WORK ITEM: The range runs from the line containing "Photo 2. Duct" through the last line of the material below; retype it exactly, leaving out the pictures.

DATASET EXTRACT:
__________________________________________________

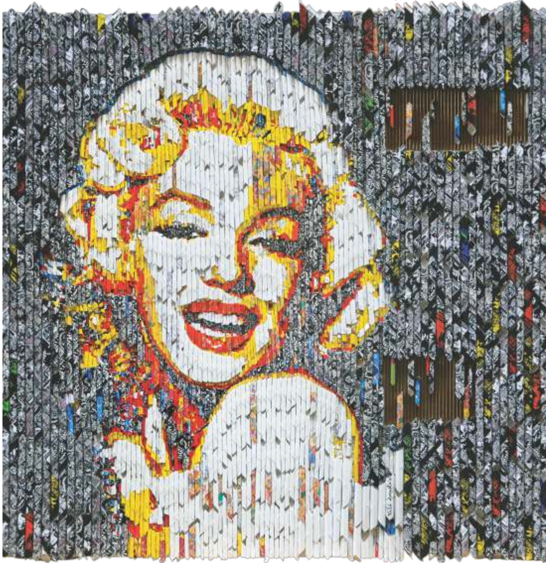
Story teller - VII
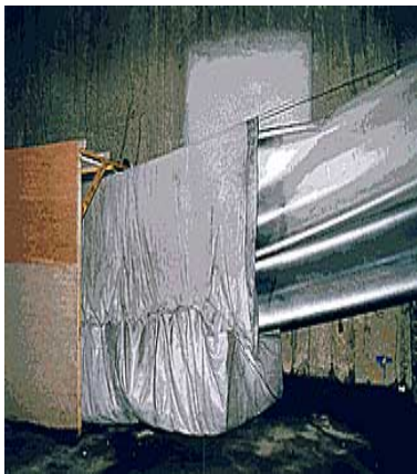
Photo 2. Duct wrapped in geotextile fabric to reduce radiated noise
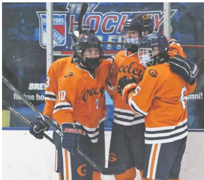
Quakers celebrate an early goal in semifinal win over Mahopac.

__________________________________________________

ANSWER:
Photo 2. Duct wrapped in geotextile fabric to reduce radiated noise
Quakers celebrate an early goal in semifinal win over Mahopac.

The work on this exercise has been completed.